Concepts of time, sound, speed and cause-and-effect form the play’s thematic heart; the dozen or so scenes are placed within several “realistic” frameworks exhibiting the preoccupied genius Einstein and his co-workers in uncertain daily routine. It is doubtful that the average theatergoer will grasp every idea put forth here. The text demands a careful listen, though there is no question that even halfway inquisitive minds will learn something. In fact, a second viewing of this singular production is probably in order if one intends to catch every nuance. Yet this fact has nothing to do with presentation. There’s simply a lot of theoretical matter being “pulsed” to the audience. The cast of Niece (as Einstein), Jenny Littleton and David Wilkerson are energy-plus in their performances, which veer from straighter, sober moments of scientific exposition to those of determined playfulness and whimsy. Littleton, especially, with her girlish yet flexible voice, proves again that she’s a major talent.

Finally, this evening’s worth of brain-food does more than provide a podium for Lightman’s hypothetical ruminations about the workings of Einstein’s mind: It allows the scientist’s dreams to serve as the jumping-off point for a fresh and freewheeling approach to live theater. That, in turn, gives Nashville a chance to see a handful of artists at work in a dreamworld of their own—where conventional boundaries can be broken and all involved might experience a new awareness of the theater’s elemental power. Nashville rarely witnesses original homegrown theater like Einstein’s Dreams, and this production signifies more growth and wider ambition on the local scene. Perhaps it’s also an indication that Alford, as fine an actor as he is, ought to direct more plays—or more of ’em like this one, at any rate.

'Crime’ time

The flip side of the theatrical coin is also currently at TPAC, at the Polk Theater, where Tennessee Repertory Theatre has opened its new season with Beth Henley’s Crimes of the Heart. This was a pretty big play in the ’80s, and the film version was widely viewed and praised; oddly enough, it was even thought of as fairly daring. There are still color and humor in the characters of the three Magrath sisters, though a revisitation of their trials and infighting reveals less textual bite and, in this production anyway, less palpable interpersonal tension.
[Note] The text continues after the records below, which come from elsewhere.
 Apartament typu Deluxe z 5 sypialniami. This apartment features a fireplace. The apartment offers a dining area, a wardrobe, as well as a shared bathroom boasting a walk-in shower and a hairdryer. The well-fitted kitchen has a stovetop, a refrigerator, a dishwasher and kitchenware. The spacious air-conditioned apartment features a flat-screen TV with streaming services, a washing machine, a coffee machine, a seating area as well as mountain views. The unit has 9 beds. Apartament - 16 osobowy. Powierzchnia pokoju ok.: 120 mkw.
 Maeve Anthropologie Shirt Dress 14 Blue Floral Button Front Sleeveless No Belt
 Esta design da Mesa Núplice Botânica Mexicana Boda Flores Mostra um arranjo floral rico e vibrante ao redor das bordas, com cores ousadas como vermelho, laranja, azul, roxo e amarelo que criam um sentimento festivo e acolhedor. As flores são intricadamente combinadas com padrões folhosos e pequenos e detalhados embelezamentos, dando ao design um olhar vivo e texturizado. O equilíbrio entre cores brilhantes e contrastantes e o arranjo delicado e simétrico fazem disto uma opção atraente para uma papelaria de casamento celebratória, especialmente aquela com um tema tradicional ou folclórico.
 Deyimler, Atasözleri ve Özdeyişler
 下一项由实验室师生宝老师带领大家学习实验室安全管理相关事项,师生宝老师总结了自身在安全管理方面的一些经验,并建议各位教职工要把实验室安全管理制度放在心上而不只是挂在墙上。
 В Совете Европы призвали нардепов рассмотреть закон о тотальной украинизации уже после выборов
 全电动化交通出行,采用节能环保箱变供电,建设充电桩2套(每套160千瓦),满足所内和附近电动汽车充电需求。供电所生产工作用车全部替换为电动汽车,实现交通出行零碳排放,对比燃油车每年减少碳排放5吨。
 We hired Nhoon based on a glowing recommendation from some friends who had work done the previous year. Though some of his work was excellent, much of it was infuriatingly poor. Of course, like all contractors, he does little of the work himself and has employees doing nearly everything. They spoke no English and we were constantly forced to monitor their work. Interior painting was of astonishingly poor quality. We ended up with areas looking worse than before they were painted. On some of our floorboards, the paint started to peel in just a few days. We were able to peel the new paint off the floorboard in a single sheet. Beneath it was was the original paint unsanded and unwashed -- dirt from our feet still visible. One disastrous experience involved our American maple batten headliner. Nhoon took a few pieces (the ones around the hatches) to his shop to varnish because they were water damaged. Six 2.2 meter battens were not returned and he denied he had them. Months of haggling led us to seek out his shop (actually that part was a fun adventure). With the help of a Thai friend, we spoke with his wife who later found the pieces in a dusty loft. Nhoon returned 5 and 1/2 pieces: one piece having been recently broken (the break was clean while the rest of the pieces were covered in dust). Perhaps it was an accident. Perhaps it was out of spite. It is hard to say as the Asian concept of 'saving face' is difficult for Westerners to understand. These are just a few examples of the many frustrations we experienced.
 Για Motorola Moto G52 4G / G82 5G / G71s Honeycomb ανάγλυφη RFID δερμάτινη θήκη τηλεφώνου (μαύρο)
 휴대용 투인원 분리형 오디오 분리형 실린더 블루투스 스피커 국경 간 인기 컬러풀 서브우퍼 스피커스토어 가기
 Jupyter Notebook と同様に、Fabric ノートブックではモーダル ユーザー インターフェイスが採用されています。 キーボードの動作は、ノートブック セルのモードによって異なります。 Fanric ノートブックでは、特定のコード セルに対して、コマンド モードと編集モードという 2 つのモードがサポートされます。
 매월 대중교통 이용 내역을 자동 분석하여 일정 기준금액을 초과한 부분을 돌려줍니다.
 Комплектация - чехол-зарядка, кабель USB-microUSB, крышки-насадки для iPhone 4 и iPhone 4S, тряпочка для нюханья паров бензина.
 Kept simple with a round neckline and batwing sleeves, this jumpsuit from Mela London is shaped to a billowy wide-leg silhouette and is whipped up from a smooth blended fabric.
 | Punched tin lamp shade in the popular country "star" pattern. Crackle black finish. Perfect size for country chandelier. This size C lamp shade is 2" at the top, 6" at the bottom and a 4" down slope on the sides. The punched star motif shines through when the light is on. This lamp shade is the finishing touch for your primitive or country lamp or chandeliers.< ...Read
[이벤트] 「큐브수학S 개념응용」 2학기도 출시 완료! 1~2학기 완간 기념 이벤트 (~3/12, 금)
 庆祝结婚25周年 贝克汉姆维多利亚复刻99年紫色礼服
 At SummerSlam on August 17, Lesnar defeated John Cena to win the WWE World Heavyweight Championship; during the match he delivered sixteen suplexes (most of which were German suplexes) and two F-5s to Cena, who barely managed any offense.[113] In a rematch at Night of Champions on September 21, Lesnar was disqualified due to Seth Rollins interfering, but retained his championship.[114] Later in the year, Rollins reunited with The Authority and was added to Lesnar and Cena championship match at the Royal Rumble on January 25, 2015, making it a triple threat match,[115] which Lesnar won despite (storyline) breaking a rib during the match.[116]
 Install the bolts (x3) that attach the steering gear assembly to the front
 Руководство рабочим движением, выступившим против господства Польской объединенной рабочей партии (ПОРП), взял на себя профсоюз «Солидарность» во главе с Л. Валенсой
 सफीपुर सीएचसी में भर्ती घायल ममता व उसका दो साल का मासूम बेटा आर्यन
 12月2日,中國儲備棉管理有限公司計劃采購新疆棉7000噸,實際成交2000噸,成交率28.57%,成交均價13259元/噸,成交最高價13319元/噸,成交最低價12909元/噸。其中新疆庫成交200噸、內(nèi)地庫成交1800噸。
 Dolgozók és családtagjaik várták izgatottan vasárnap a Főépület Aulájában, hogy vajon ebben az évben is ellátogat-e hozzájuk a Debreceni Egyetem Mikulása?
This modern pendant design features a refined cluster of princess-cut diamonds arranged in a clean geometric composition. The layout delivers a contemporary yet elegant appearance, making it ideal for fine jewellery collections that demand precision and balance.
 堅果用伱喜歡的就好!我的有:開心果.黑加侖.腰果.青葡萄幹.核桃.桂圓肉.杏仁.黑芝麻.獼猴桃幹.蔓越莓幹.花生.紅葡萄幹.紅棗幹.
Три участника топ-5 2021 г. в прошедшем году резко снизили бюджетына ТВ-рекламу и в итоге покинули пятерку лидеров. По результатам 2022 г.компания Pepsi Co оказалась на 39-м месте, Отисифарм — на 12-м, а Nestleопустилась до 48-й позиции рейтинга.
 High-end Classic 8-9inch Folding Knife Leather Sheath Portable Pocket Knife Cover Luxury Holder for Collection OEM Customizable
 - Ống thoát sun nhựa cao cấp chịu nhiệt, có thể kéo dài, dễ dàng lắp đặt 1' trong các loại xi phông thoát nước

In fact, Crimes of the Heart seems to be on its way to becoming a staple of summer-stock and community-theater playhouses rather than a comedy-drama suitable for heavier regional venues. Its selection as a season opener by the Rep fits in well enough with the Mainstage’s subscriber-conscious appeal, to be followed hereafter by Dracula, God’s Man in Texas, The Diary of Anne Frank and Ain’t Misbehavin’. The Rep will allow more intellectually ambitious drama to flourish in its Off-Broadway Series, through the plays of David Mamet (A Life in the Theatre), Edward Albee (Who’s Afraid of Virginia Woolf?) and Michael Healey (The Drawer Boy).

The David Grapes-directed Crimes features a gifted, veteran cast and a striking, unsurprisingly well-crafted set by Gary C. Hoff. The whole thing looks and reads professional all the way, and for most of the evening the play engages with its tale of small-town Mississippi ladies. Denice Hicks as middle sister Meg projects a little more sexuality than we’re used to, which proves interesting if unexpected. The very demonstrative Nan Gurley is cast against type in the role of mousy eldest sister Lenny, and to her credit she finds a means to make her characterization work. Amy Tribbey, so excellent in last year’s Proof at the Rep, fares less well as troubled baby sister Babe; she tries to balance cutesiness with intensity, yet misses the mark on the requisite eccentricity. Brandon Boyd and Jeremy Childs are just fine in fairly undemanding roles as the men in the ladies’ lives. By dint of her natural talent and by virtue of her apt casting, Martha Wilkinson turns in the best performance as the sisters’ brazen, big-mouthed cousin, Chick Boyle. Poised, consistent and funny, she goes over the top just as her role is intended to be played.

Crimes of the Heart is commercially pitched professional theater presented at a high enough level to please its intended audience. That said, it’s only vaguely inspiring and, at three acts in length, risks staleness by the time the final curtain rings down.